AIM OF THE TASK:
Given the records underneath, please repeat exactly the lines from the line with "Powerful, slimline and" through the line with "Токарный станок по", passing over any picture.
[SUPPLIED INFORMATION]
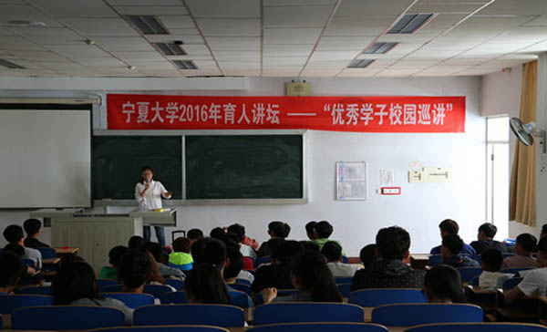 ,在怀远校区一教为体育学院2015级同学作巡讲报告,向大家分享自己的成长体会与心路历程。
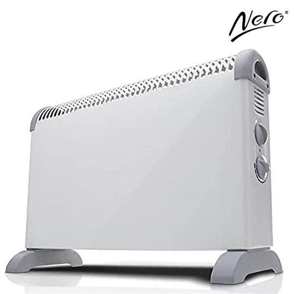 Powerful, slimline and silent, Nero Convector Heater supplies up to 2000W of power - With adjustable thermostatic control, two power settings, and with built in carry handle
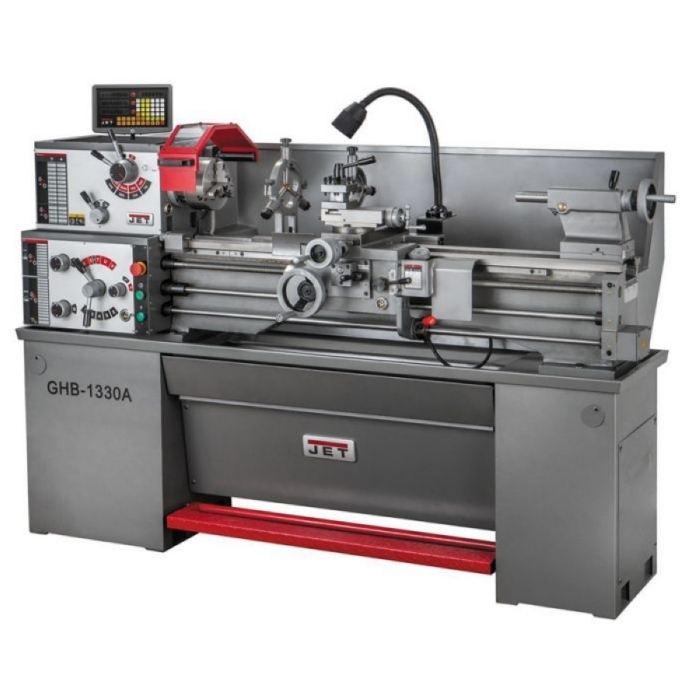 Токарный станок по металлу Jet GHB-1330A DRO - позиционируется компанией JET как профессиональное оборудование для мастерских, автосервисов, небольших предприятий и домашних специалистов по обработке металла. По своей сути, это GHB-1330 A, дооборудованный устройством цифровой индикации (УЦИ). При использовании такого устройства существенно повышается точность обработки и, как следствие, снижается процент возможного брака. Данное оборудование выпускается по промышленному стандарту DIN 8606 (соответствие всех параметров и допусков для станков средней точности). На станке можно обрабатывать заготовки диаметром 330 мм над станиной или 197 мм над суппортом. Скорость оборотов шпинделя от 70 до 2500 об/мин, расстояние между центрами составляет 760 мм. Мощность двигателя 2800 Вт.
[/SUPPLIED INFORMATION]
[SUPPLIED INFORMATION]
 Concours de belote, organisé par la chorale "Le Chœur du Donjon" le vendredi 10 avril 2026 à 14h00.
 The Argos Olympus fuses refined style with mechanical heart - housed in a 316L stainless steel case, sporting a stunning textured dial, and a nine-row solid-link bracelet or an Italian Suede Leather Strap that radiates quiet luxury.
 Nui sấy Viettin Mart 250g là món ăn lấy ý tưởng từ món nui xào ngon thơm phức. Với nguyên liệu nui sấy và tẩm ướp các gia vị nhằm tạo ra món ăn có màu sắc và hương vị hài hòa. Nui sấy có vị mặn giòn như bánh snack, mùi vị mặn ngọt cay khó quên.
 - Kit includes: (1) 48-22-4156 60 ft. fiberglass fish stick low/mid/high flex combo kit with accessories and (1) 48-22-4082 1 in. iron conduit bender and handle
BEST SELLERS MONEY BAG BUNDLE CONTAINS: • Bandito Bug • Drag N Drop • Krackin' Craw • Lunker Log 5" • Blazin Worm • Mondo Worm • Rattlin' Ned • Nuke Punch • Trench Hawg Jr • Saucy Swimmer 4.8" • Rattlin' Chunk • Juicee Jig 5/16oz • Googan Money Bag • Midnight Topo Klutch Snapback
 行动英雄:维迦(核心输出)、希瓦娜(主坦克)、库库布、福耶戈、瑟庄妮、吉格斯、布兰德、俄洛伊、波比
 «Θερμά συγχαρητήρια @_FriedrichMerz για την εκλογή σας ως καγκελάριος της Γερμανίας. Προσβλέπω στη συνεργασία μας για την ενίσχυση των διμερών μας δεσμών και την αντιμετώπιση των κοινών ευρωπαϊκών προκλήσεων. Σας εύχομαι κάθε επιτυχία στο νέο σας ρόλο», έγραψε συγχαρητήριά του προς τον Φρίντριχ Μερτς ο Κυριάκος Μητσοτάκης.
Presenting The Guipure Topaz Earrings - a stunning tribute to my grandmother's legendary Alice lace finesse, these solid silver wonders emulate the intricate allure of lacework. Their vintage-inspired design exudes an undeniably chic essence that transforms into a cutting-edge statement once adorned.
[/SUPPLIED INFORMATION]
[SUPPLIED INFORMATION]
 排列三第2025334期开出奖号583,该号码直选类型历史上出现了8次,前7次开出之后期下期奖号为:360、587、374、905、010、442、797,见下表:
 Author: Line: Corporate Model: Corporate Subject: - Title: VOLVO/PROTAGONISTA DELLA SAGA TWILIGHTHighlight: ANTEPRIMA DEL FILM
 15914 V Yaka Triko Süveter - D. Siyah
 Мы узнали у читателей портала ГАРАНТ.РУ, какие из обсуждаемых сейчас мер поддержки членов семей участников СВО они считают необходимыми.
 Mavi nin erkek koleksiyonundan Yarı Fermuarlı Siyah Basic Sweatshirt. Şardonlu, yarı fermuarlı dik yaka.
[/SUPPLIED INFORMATION]
EXERCISE SOLUTION:
 Powerful, slimline and silent, Nero Convector Heater supplies up to 2000W of power - With adjustable thermostatic control, two power settings, and with built in carry handle
 Токарный станок по металлу Jet GHB-1330A DRO - позиционируется компанией JET как профессиональное оборудование для мастерских, автосервисов, небольших предприятий и домашних специалистов по обработке металла. По своей сути, это GHB-1330 A, дооборудованный устройством цифровой индикации (УЦИ). При использовании такого устройства существенно повышается точность обработки и, как следствие, снижается процент возможного брака. Данное оборудование выпускается по промышленному стандарту DIN 8606 (соответствие всех параметров и допусков для станков средней точности). На станке можно обрабатывать заготовки диаметром 330 мм над станиной или 197 мм над суппортом. Скорость оборотов шпинделя от 70 до 2500 об/мин, расстояние между центрами составляет 760 мм. Мощность двигателя 2800 Вт.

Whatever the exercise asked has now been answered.